Avustralya'da, ağlayan Tagasaste adı verilen secdeye dayalı bir tagasaste formu geliştirilmiştir. Bu bitkinin mekanik kesme veya budama gerektirmeyeceği umulmaktadır. Weeping Tagasaste'nin normal tagaste ile aynı üretim seviyelerini sağlayıp sağlamayacağını söylemek için henüz çok erken. İlk göstergeler, üretimin daha düşük olduğu ve bitkinin toprak hastalığına karşı daha savunmasız olabileceği yönündedir.

Güney Afrika'da eko-adapte edilmiş üç genetik soy, ticari marka olarak tescillenmiştir: kurak alanlar (300-500 mm) için "Yeşil Kalahari", ılıman alanlar (600-800 mm) için "Sığır Şekeri" ve tropikal dağlık alanlar için "Kilimanjaro" çeşidi (800). –3500 mm) yağmur.

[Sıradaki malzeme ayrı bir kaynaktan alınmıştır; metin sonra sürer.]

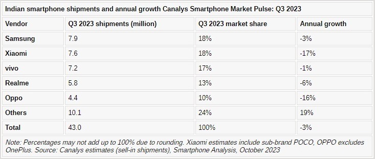 पछिल्लो क्यानलिस स्मार्टफोन मार्केट पल्स रिपोर्टअनुसार जुलाई-सेप्टेम्बर महिनाहरूमा कुल ४३ मिलियन स्मार्टफोनहरू भारतमा ढुवानी गरिएको छ। यो तथ्याङ्कले एक वर्ष अघिको मूल्यको तुलनामा ३ प्रतिशतको कमीलाई प्रतिनिधित्व गरेको उल्लेख छ।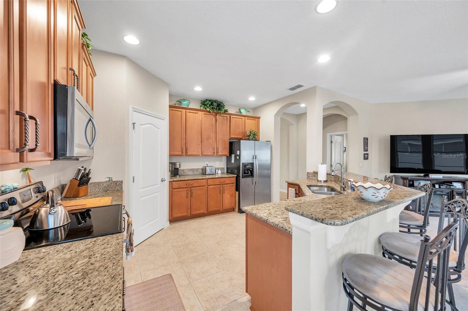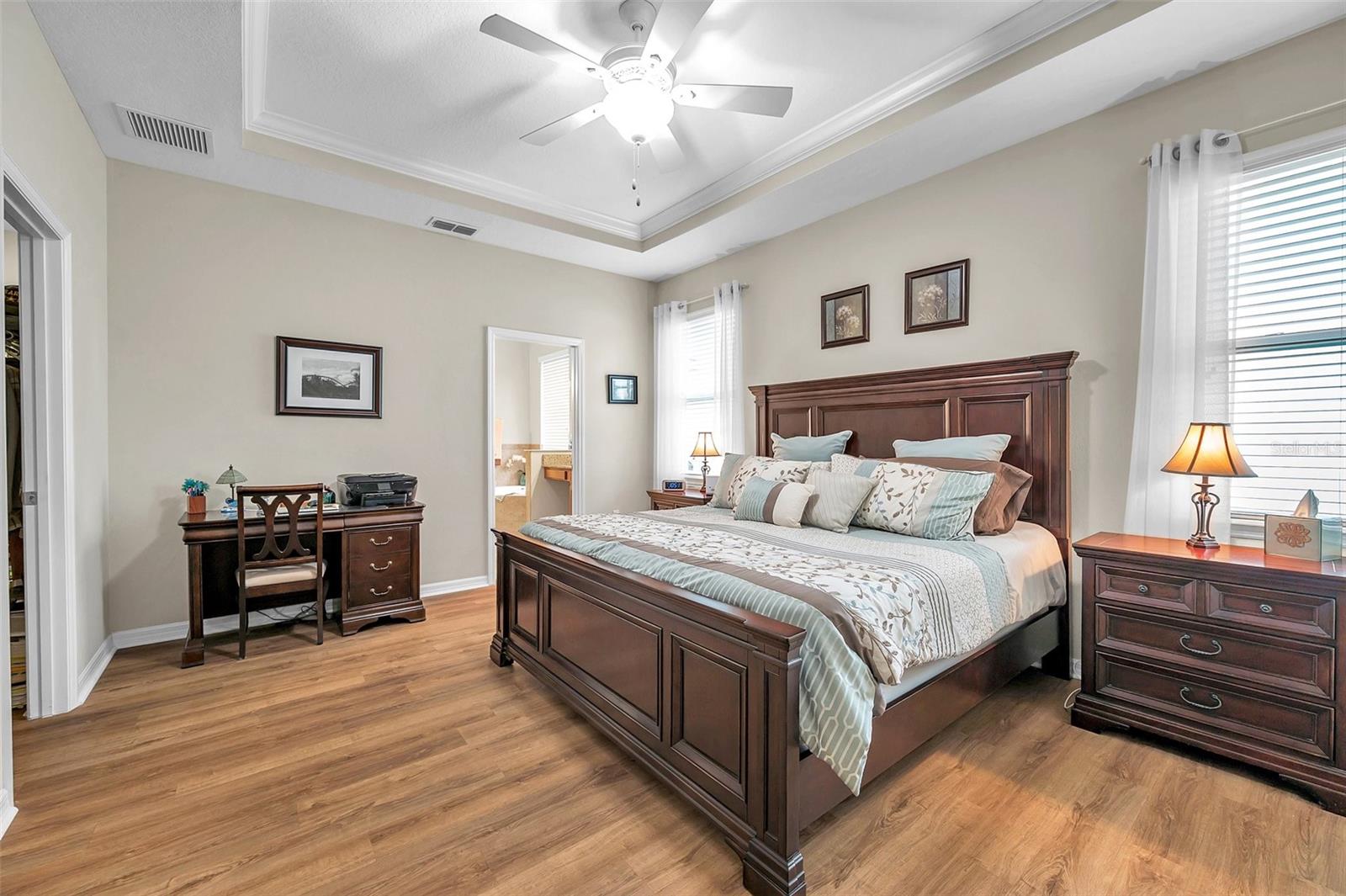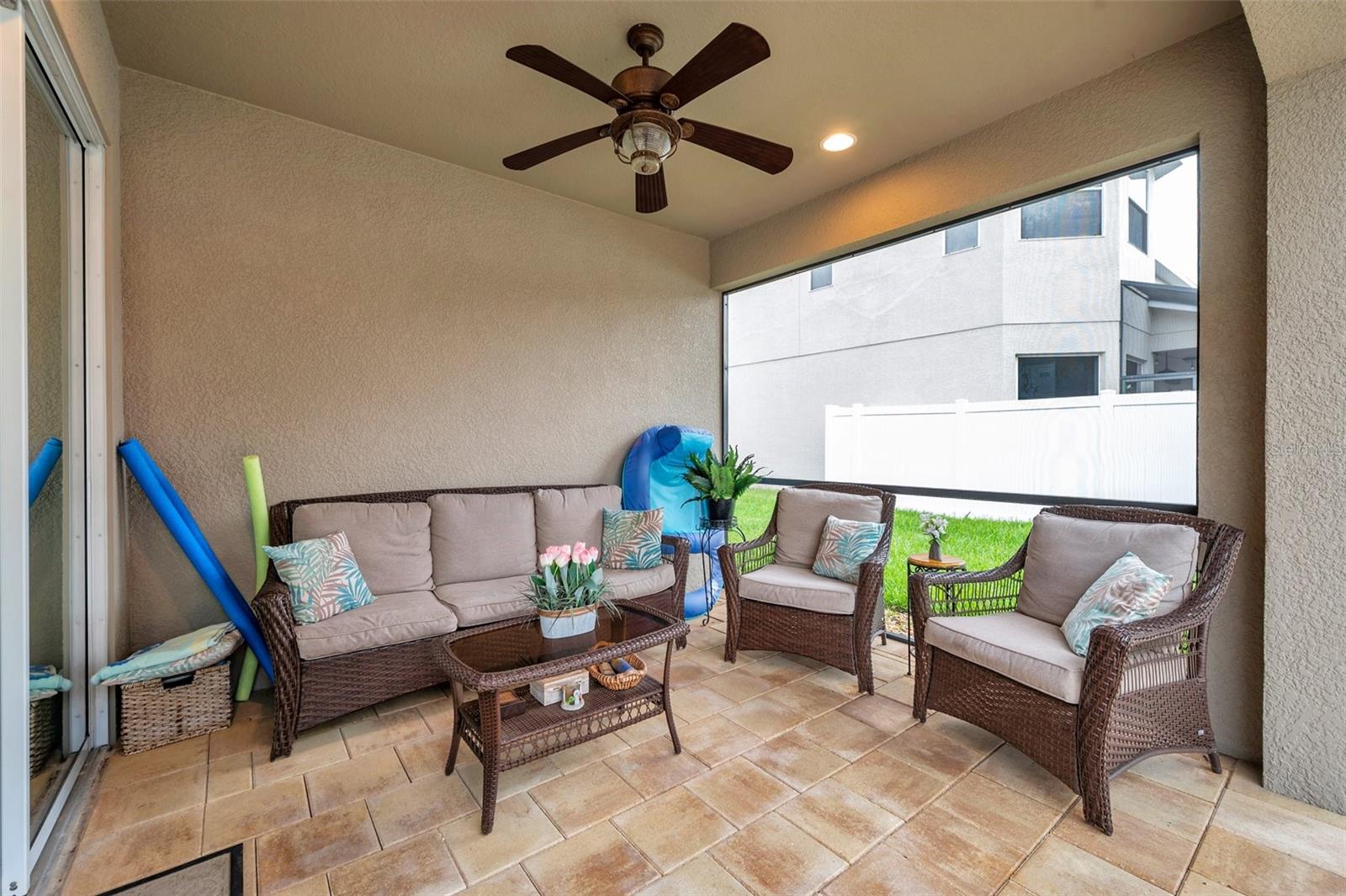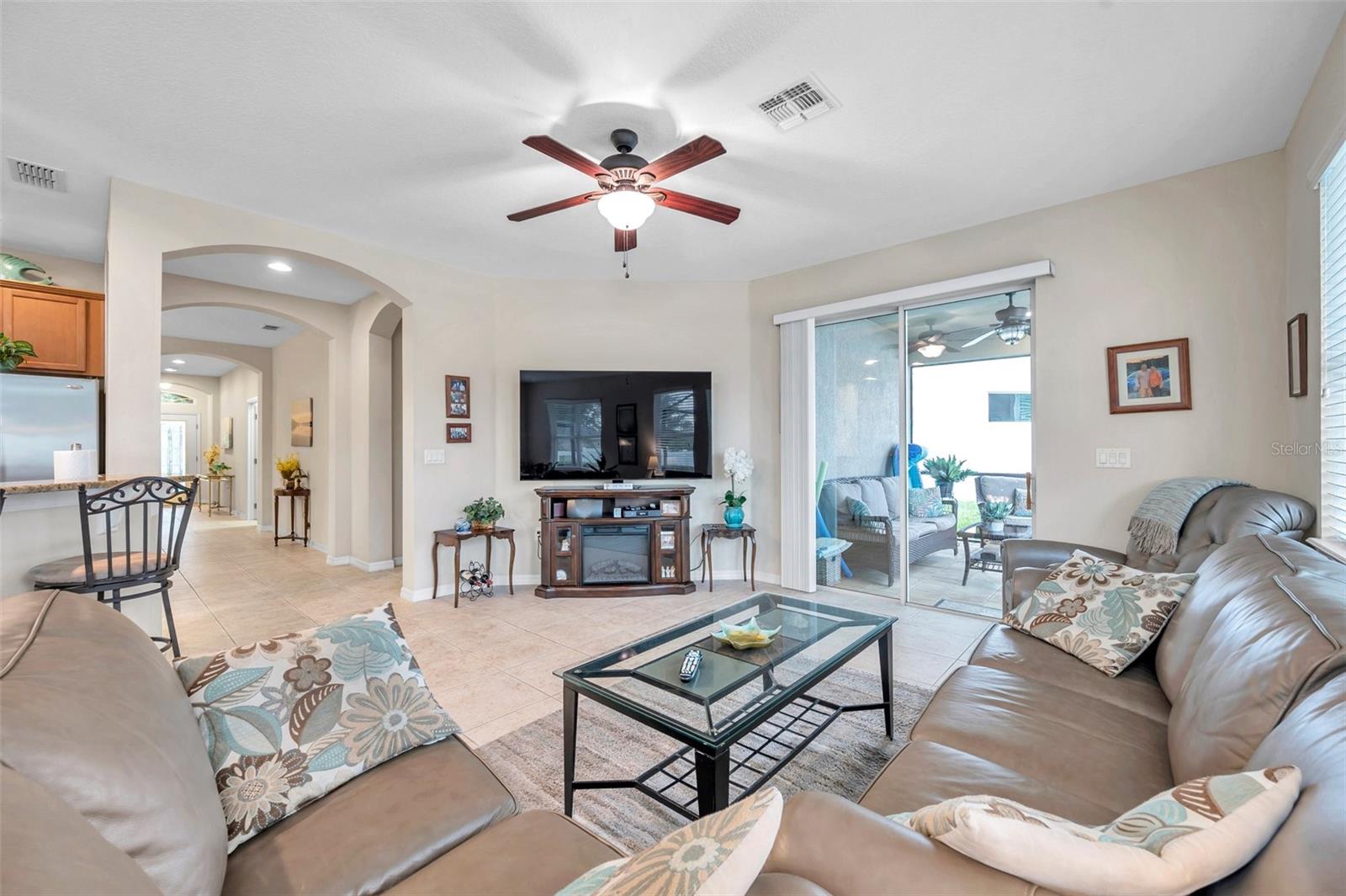 Welcome home to this beautifully maintained 3-bedroom, 2-bathroom gem located in the quiet and desirable community of Dover. Set on a spacious lot, this single-story home combines modern convenience with a welcoming atmosphere—perfect for families, professionals, or anyone seeking a peaceful Florida lifestyle. Step inside to an open-concept layout filled with natural light, highlighting the spacious living area, high ceilings, and stylish finishes. The well-appointed kitchen features granite countertops, stainless steel appliances, a breakfast bar, and plenty of cabinetry—ideal for both everyday living and entertaining. The split-bedroom floor plan offers privacy, with a large primary suite that includes a walk-in closet and an ensuite bath with dual sinks, a soaking tub, and a separate shower. Two additional bedrooms provide flexibility for guests, a home office, or a growing family. The home's bedrooms have LUXURY VINYL and with the NEWER AC you have nothing to worry in the warm summer months. Enjoy Florida’s sunshine in your oversized backyard—perfect for grilling, gardening, or relaxing with a cup of coffee. Don't forget about the meticulously maintained SALT WATER pool ( built in 2016) to enjoy the extra water fun in your backyard. With low HOA fees and a serene neighborhood feel, this home is a rare find in a rapidly growing area.

Ağaç yoncası çeşitlerinin ticari olarak yetiştirilmesi, artan sertlik, hastalık direnci ve daha geniş bir yelpazede yetiştirme koşulları ve uygulamaları ile geliştirilmiş çeşitlere yol açmıştır. Silvopasture tarımsal ormancılık için refakatçi ürün olarak ağaç yoncasının kullanımı, aynı arazinin artan üretim için ikili kullanımına bir örnektir. Koyunlar daha sonra yabani otları bastırmak ve ağaç yoncasını kontrol altında tutmak için kullanılır, bu da ana orman mahsulünü gölgelemesini önler. Biyolojik gübreleme, yeşil gübre ve çiğneme ile zenginleştirilir, zamanla toprağı iyileştirir ve üretim artışlarına yol açar.